● GIVEN MATERIAL:
☆ ☆ ☆
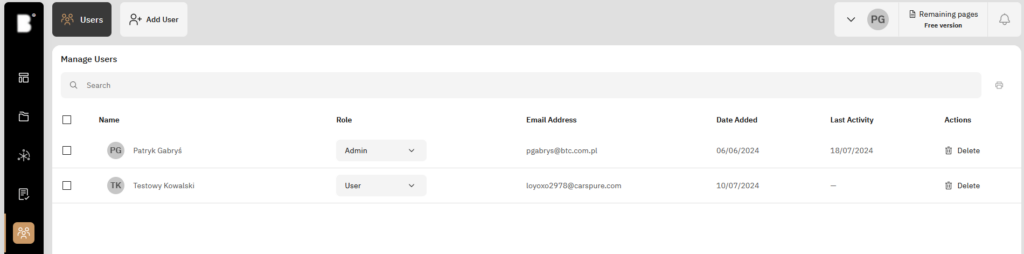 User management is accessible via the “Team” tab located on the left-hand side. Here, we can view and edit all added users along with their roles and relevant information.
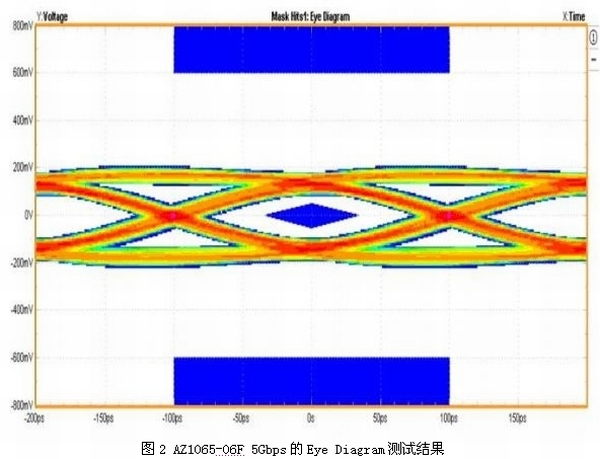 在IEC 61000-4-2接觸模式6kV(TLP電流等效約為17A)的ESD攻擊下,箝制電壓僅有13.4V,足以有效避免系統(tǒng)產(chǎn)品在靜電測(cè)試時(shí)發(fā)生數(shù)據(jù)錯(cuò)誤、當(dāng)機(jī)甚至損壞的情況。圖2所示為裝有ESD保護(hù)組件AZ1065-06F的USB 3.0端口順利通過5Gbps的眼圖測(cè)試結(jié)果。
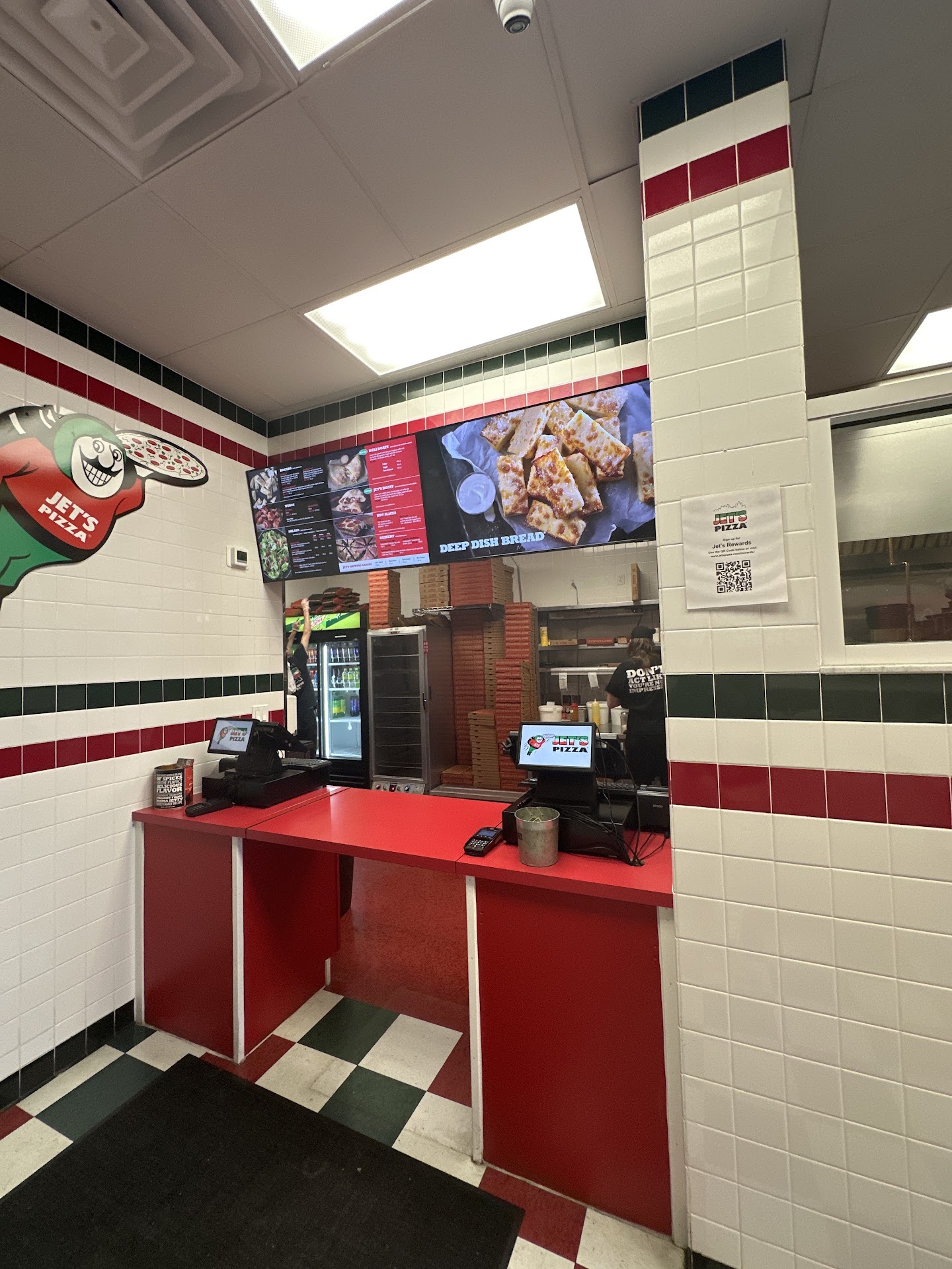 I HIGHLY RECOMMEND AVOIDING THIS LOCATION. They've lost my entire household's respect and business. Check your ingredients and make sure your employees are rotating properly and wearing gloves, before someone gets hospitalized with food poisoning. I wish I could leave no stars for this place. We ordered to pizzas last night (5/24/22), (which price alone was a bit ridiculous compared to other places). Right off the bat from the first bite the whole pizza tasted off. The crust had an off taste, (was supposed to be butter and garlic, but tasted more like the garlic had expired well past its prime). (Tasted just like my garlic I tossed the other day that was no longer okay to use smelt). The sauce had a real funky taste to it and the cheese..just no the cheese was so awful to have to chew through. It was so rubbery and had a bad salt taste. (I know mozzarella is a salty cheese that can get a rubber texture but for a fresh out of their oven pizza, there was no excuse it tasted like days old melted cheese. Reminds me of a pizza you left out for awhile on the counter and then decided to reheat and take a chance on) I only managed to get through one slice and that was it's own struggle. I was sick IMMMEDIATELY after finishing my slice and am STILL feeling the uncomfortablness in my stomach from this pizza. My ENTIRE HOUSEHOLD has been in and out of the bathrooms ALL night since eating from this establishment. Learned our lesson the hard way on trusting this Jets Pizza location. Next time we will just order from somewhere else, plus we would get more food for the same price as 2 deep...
☆ ☆ ☆
● WHAT TO PRODUCE:
All the material shown above is to be copied exactly, with no pictures carried over.

● ANSWER FOR THIS EXERCISE:
 User management is accessible via the “Team” tab located on the left-hand side. Here, we can view and edit all added users along with their roles and relevant information.
 在IEC 61000-4-2接觸模式6kV(TLP電流等效約為17A)的ESD攻擊下,箝制電壓僅有13.4V,足以有效避免系統(tǒng)產(chǎn)品在靜電測(cè)試時(shí)發(fā)生數(shù)據(jù)錯(cuò)誤、當(dāng)機(jī)甚至損壞的情況。圖2所示為裝有ESD保護(hù)組件AZ1065-06F的USB 3.0端口順利通過5Gbps的眼圖測(cè)試結(jié)果。
 I HIGHLY RECOMMEND AVOIDING THIS LOCATION. They've lost my entire household's respect and business. Check your ingredients and make sure your employees are rotating properly and wearing gloves, before someone gets hospitalized with food poisoning. I wish I could leave no stars for this place. We ordered to pizzas last night (5/24/22), (which price alone was a bit ridiculous compared to other places). Right off the bat from the first bite the whole pizza tasted off. The crust had an off taste, (was supposed to be butter and garlic, but tasted more like the garlic had expired well past its prime). (Tasted just like my garlic I tossed the other day that was no longer okay to use smelt). The sauce had a real funky taste to it and the cheese..just no the cheese was so awful to have to chew through. It was so rubbery and had a bad salt taste. (I know mozzarella is a salty cheese that can get a rubber texture but for a fresh out of their oven pizza, there was no excuse it tasted like days old melted cheese. Reminds me of a pizza you left out for awhile on the counter and then decided to reheat and take a chance on) I only managed to get through one slice and that was it's own struggle. I was sick IMMMEDIATELY after finishing my slice and am STILL feeling the uncomfortablness in my stomach from this pizza. My ENTIRE HOUSEHOLD has been in and out of the bathrooms ALL night since eating from this establishment. Learned our lesson the hard way on trusting this Jets Pizza location. Next time we will just order from somewhere else, plus we would get more food for the same price as 2 deep...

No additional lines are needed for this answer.